[[ Provided material open ]]
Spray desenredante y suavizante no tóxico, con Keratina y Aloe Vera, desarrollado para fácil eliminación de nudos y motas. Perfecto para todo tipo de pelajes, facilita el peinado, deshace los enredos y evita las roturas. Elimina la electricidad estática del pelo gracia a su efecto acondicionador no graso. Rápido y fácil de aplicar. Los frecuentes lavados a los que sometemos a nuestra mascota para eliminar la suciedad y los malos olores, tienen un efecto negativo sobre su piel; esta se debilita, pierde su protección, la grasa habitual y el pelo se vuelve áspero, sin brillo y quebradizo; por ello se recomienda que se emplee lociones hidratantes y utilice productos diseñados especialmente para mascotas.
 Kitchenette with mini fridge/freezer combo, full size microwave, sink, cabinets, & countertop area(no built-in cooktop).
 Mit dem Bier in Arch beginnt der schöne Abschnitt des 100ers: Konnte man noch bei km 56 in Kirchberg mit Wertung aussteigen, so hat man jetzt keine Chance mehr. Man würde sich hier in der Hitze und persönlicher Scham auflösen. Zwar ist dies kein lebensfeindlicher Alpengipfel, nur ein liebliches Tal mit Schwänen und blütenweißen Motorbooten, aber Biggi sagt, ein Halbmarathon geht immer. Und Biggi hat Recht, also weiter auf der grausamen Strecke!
[[ Provided material closed ]]
[[ Provided material open ]]
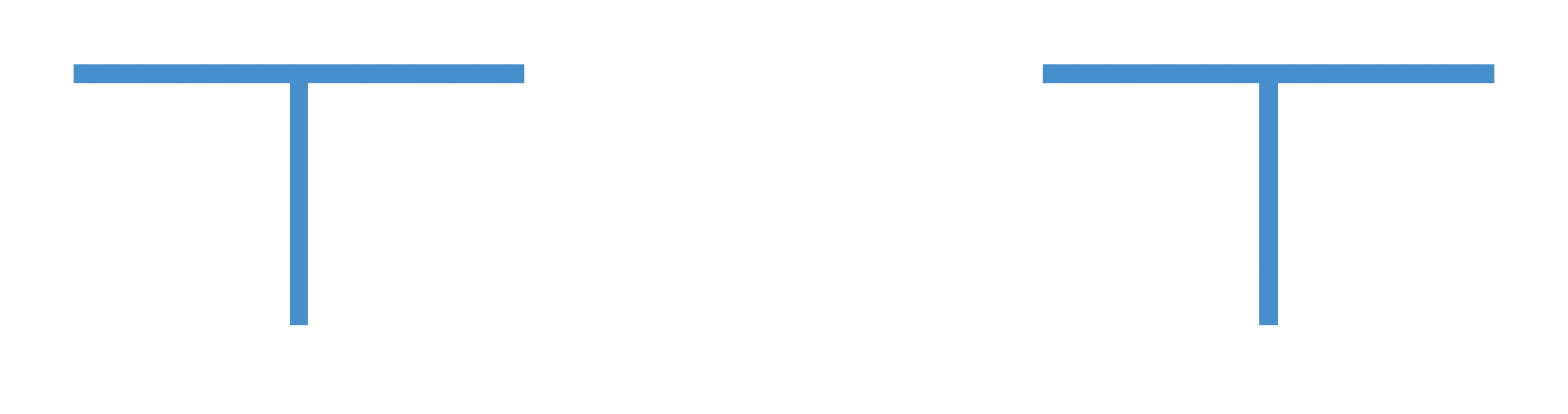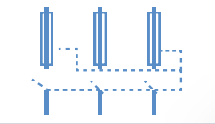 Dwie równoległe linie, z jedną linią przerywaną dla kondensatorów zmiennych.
[[ Provided material closed ]]
Action item:
In the listing above, find the line with "Spray desenredante y" and the line with "Mit dem Bier"; output exactly those lines and all lines between them.

Solution to this exercise:
Spray desenredante y suavizante no tóxico, con Keratina y Aloe Vera, desarrollado para fácil eliminación de nudos y motas. Perfecto para todo tipo de pelajes, facilita el peinado, deshace los enredos y evita las roturas. Elimina la electricidad estática del pelo gracia a su efecto acondicionador no graso. Rápido y fácil de aplicar. Los frecuentes lavados a los que sometemos a nuestra mascota para eliminar la suciedad y los malos olores, tienen un efecto negativo sobre su piel; esta se debilita, pierde su protección, la grasa habitual y el pelo se vuelve áspero, sin brillo y quebradizo; por ello se recomienda que se emplee lociones hidratantes y utilice productos diseñados especialmente para mascotas.
 Kitchenette with mini fridge/freezer combo, full size microwave, sink, cabinets, & countertop area(no built-in cooktop).
 Mit dem Bier in Arch beginnt der schöne Abschnitt des 100ers: Konnte man noch bei km 56 in Kirchberg mit Wertung aussteigen, so hat man jetzt keine Chance mehr. Man würde sich hier in der Hitze und persönlicher Scham auflösen. Zwar ist dies kein lebensfeindlicher Alpengipfel, nur ein liebliches Tal mit Schwänen und blütenweißen Motorbooten, aber Biggi sagt, ein Halbmarathon geht immer. Und Biggi hat Recht, also weiter auf der grausamen Strecke!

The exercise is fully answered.